Every entry is to be transcribed as it stands. Images stay out.

(RECORDS FOR THE EXERCISE)

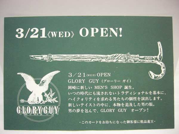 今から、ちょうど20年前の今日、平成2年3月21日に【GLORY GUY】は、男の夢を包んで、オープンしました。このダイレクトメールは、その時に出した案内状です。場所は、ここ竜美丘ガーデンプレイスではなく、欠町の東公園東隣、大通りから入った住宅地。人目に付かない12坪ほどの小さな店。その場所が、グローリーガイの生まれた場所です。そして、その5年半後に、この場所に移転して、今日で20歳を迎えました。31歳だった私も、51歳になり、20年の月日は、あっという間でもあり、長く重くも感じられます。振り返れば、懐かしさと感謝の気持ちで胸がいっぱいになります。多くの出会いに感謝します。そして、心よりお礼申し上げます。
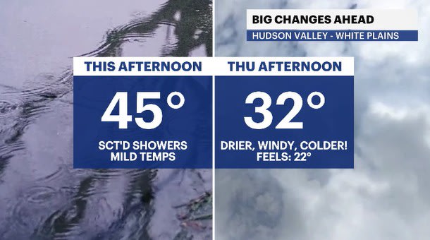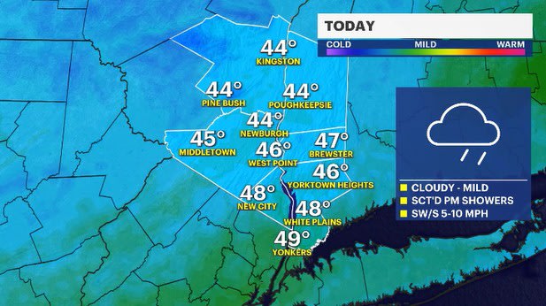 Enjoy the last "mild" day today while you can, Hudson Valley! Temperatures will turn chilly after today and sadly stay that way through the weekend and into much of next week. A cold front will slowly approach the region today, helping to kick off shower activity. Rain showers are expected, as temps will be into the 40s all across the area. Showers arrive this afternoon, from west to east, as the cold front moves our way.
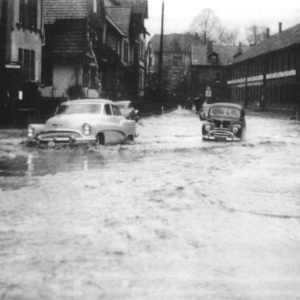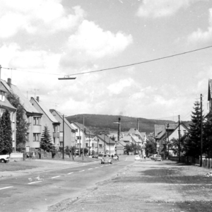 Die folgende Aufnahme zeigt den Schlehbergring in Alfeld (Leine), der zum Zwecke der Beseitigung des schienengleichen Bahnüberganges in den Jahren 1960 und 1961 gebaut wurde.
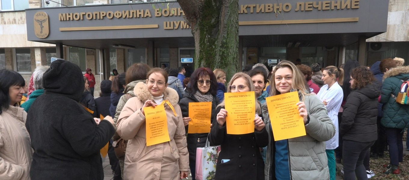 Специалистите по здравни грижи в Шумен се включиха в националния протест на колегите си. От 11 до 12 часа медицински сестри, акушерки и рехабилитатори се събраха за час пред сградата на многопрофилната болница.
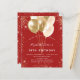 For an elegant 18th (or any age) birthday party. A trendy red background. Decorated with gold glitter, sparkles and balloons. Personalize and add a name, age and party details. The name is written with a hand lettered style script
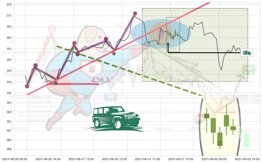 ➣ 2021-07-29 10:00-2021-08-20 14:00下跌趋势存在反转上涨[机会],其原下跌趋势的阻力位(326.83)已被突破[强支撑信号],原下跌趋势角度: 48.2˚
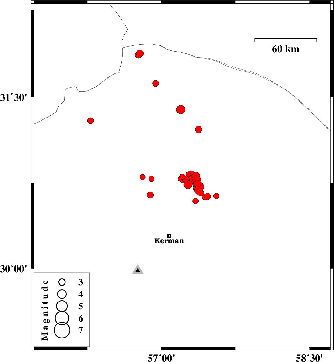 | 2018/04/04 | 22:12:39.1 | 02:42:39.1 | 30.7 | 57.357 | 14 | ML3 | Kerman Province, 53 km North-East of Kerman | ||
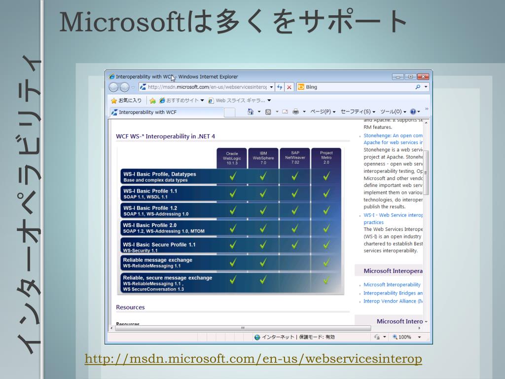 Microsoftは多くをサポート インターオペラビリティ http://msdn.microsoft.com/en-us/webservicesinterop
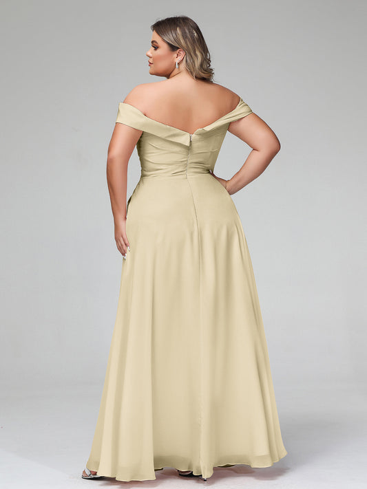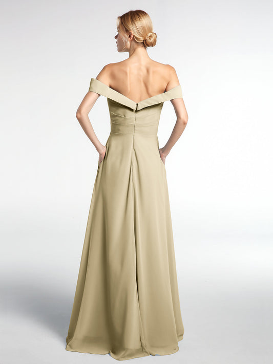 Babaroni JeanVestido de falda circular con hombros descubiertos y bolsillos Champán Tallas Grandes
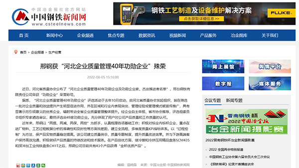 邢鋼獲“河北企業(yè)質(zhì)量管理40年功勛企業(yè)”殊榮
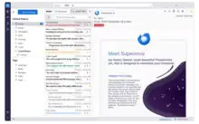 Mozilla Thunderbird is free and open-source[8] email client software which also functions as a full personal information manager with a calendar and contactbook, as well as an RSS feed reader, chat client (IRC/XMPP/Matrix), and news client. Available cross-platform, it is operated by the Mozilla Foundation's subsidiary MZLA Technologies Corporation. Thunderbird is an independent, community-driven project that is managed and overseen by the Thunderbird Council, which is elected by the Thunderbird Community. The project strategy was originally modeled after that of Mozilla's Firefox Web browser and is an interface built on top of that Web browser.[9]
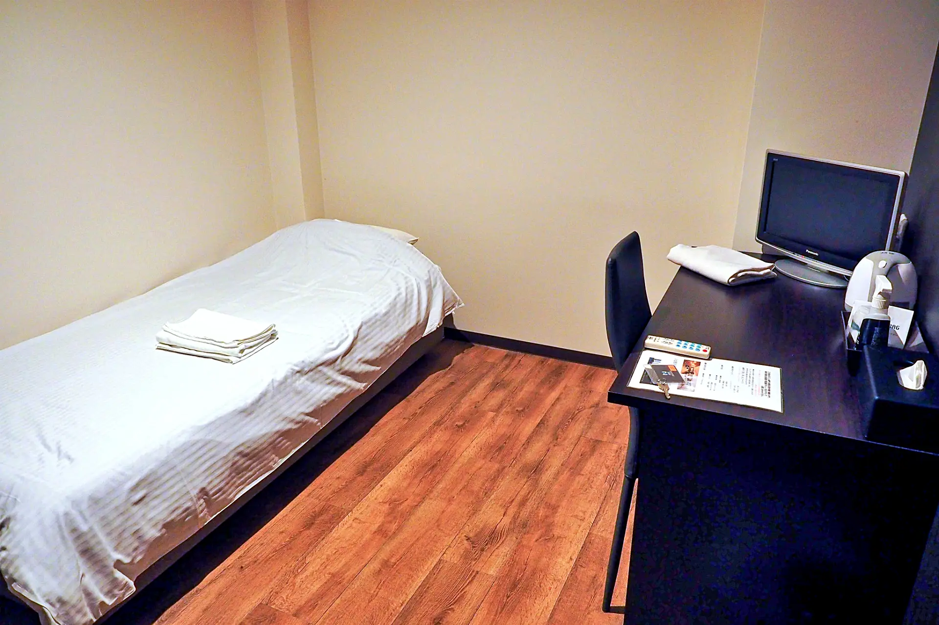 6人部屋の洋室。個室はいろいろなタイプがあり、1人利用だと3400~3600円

(End RECORDS FOR THE EXERCISE)

RESULT >>
 今から、ちょうど20年前の今日、平成2年3月21日に【GLORY GUY】は、男の夢を包んで、オープンしました。このダイレクトメールは、その時に出した案内状です。場所は、ここ竜美丘ガーデンプレイスではなく、欠町の東公園東隣、大通りから入った住宅地。人目に付かない12坪ほどの小さな店。その場所が、グローリーガイの生まれた場所です。そして、その5年半後に、この場所に移転して、今日で20歳を迎えました。31歳だった私も、51歳になり、20年の月日は、あっという間でもあり、長く重くも感じられます。振り返れば、懐かしさと感謝の気持ちで胸がいっぱいになります。多くの出会いに感謝します。そして、心よりお礼申し上げます。
 Enjoy the last "mild" day today while you can, Hudson Valley! Temperatures will turn chilly after today and sadly stay that way through the weekend and into much of next week. A cold front will slowly approach the region today, helping to kick off shower activity. Rain showers are expected, as temps will be into the 40s all across the area. Showers arrive this afternoon, from west to east, as the cold front moves our way.
 Die folgende Aufnahme zeigt den Schlehbergring in Alfeld (Leine), der zum Zwecke der Beseitigung des schienengleichen Bahnüberganges in den Jahren 1960 und 1961 gebaut wurde.
 Специалистите по здравни грижи в Шумен се включиха в националния протест на колегите си. От 11 до 12 часа медицински сестри, акушерки и рехабилитатори се събраха за час пред сградата на многопрофилната болница.
 For an elegant 18th (or any age) birthday party. A trendy red background. Decorated with gold glitter, sparkles and balloons. Personalize and add a name, age and party details. The name is written with a hand lettered style script
 ➣ 2021-07-29 10:00-2021-08-20 14:00下跌趋势存在反转上涨[机会],其原下跌趋势的阻力位(326.83)已被突破[强支撑信号],原下跌趋势角度: 48.2˚
 | 2018/04/04 | 22:12:39.1 | 02:42:39.1 | 30.7 | 57.357 | 14 | ML3 | Kerman Province, 53 km North-East of Kerman | ||
 Microsoftは多くをサポート インターオペラビリティ http://msdn.microsoft.com/en-us/webservicesinterop
 Babaroni JeanVestido de falda circular con hombros descubiertos y bolsillos Champán Tallas Grandes
 邢鋼獲“河北企業(yè)質(zhì)量管理40年功勛企業(yè)”殊榮
 Mozilla Thunderbird is free and open-source[8] email client software which also functions as a full personal information manager with a calendar and contactbook, as well as an RSS feed reader, chat client (IRC/XMPP/Matrix), and news client. Available cross-platform, it is operated by the Mozilla Foundation's subsidiary MZLA Technologies Corporation. Thunderbird is an independent, community-driven project that is managed and overseen by the Thunderbird Council, which is elected by the Thunderbird Community. The project strategy was originally modeled after that of Mozilla's Firefox Web browser and is an interface built on top of that Web browser.[9]
 6人部屋の洋室。個室はいろいろなタイプがあり、1人利用だと3400~3600円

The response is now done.